Friday, January 28, 2011

Feeling Like Garbage

February is almost upon us and, for me, this means the most difficult time of year has arrived. I feel like garbage every single day. The weird, congested, achy, sick feeling across the middle of my back always flares up this time of year and it's the hardest pain for me to deal with. It doesn't go away when I sit down like my other pains and it's often accompanied by a feeling of sadness. It's a very heavy feeling that makes it very hard to get out of bed in the morning. In addition to that, my legs, hips, shoulders, arms and feet hurt and I'm having daily headaches AND more migraines again. Oh, and fatigue too. I can't forget the fatigue. I live in a split level house and having to go up and down those stairs a dozen times a day is exhausting. I feel like I need to lay down on the landing for awhile to get the strength to make it up the rest of the stairs. It's not fun.
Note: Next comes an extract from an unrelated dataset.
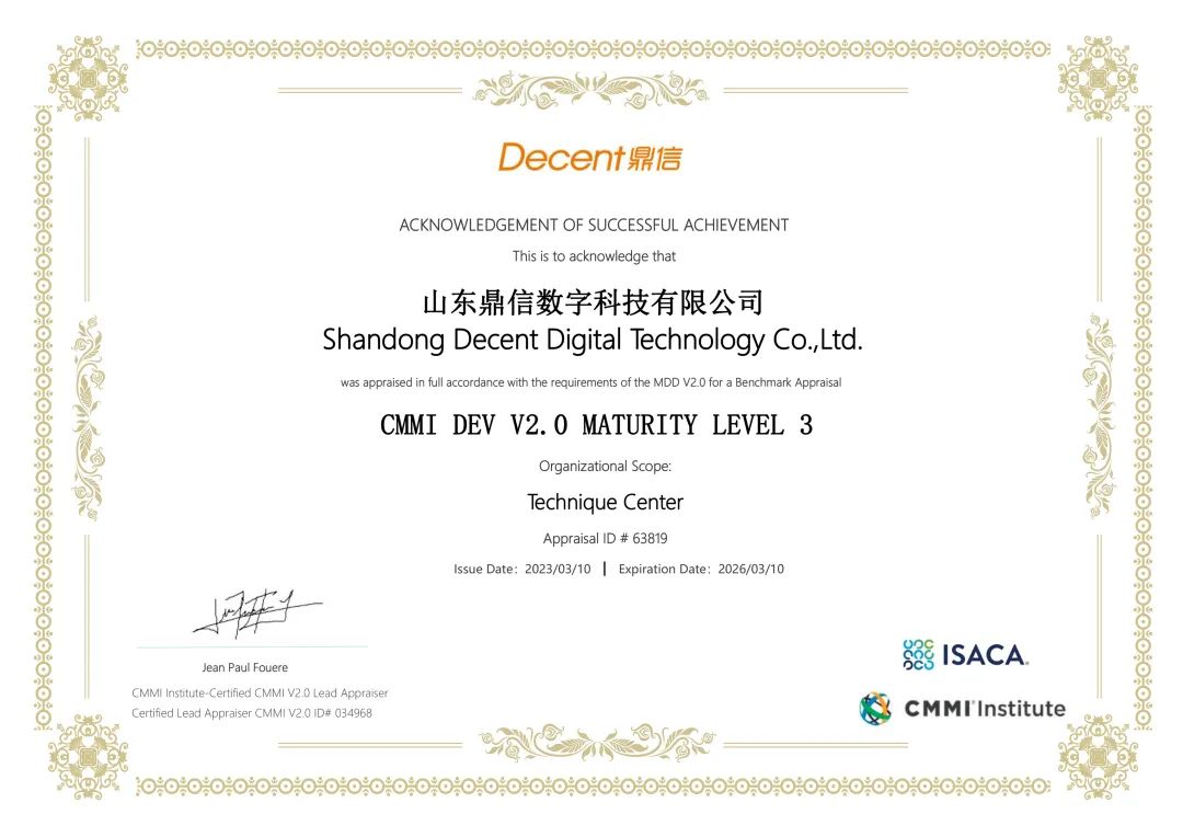 近日,经过CMMI研究院严格的资质审查与现场评估,山东鼎信数字科技有限公司正式通过CMMI软件能力成熟度国际三级评估认证。这标志着鼎信数字在技术研发标准化流程、过程管理能力、项目管理能力等方面已跻身业界先进水平。CMMI三级认证这一关键节点的打通,将为鼎信数字持续提升数字化营运和支撑能力,赋能服务客户,持续提供强劲动力。

I wish I could just go to bed and not get up until this part of the year is over with.

And the hardest part? This could go on for months. Sometimes, I start feeling better in April but often feeling better doesn't start until May. Last year, it was July.

It's very hard to keep a positive attitude when faced with months and months of feeling like garbage. But I am determined  to stay positive and be happy this year. I don't want to be depressed, angry and bitter on top of being physically miserable.

I suppose the first step is to stay in the moment and take it day by day, instead of focusing on months of misery ahead. Maybe I'll feel better sooner this year. I do have some new tools in my fibro toolkit. I bought the The Trigger Point Therapy Workbook and I've had great success in treating my hip pain. I think the weird pain across my back may also be caused by trigger points so I'm working to figure out which ones so I can treat them too. And, I've discovered that doing a short, easy yoga routine every day helps reduce my pain levels.  I've also read some good, hope-inspiring  books about fibro lately which I'll share more about later because I'm tired now, which I'm sure you understand all too well!